Manning graduated from Smith College in 1908 and the school of Library Science at Simmons College in 1911. She also studied at the Training School for Children's Librarians at the Carnegie Library, Pittsburgh.

==Career==

Manning began her career as a Children's Librarian at the Brooklyn Public Library in 1909. She subsequently held positions in the public libraries of Burlington, Iowa, Cedar Rapids, Iowa, and Milton, Massachusetts. In 1917, she was appointed Head Cataloger of the Amherst College Library in Massachusetts.

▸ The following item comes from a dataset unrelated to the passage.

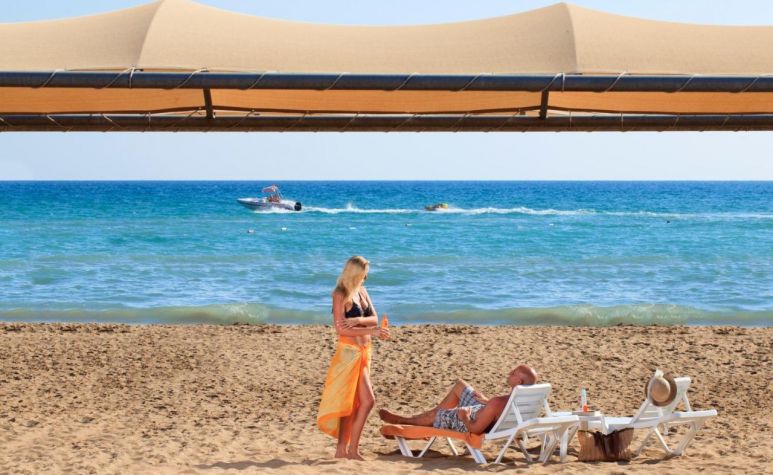 Собствен пясъчен плаж на 200 м, шезлонги, чадъри и плажни кърпи безплатни.

In September 1924, Manning was appointed the second Chief Librarian of the Frick Art Reference Library, a research institute dedicated to promoting the study of art history and related subjects that had been founded four years earlier by Helen Clay Frick as a memorial to her father, the collector Henry Clay Frick. Manning worked at the Frick Art Reference Library for twenty-four years, overseeing the institution's transfer from its original location in a two and one-half story building at 6 East 71st Street to its present thirteen story building located at 10 East 71st Street. During World War II, when the Committee of the American Council of Learned Societies (ACLS) on Protection of Cultural Treasures in War Areas was in residence at the Library, she worked alongside art historians on the Committee to prepare maps detailing the location of art treasures and landmarks in war zones and in danger of Nazi plundering. Manning was also instrumental in developing the institution's collection of study photographs of works of art, acquiring thousands of reproductions from European photographers and hiring photographers in the United States to travel through the country and photograph inaccessible paintings in private collections. The resulting collection, which presently comprises more than one million images, documents the Western artistic tradition.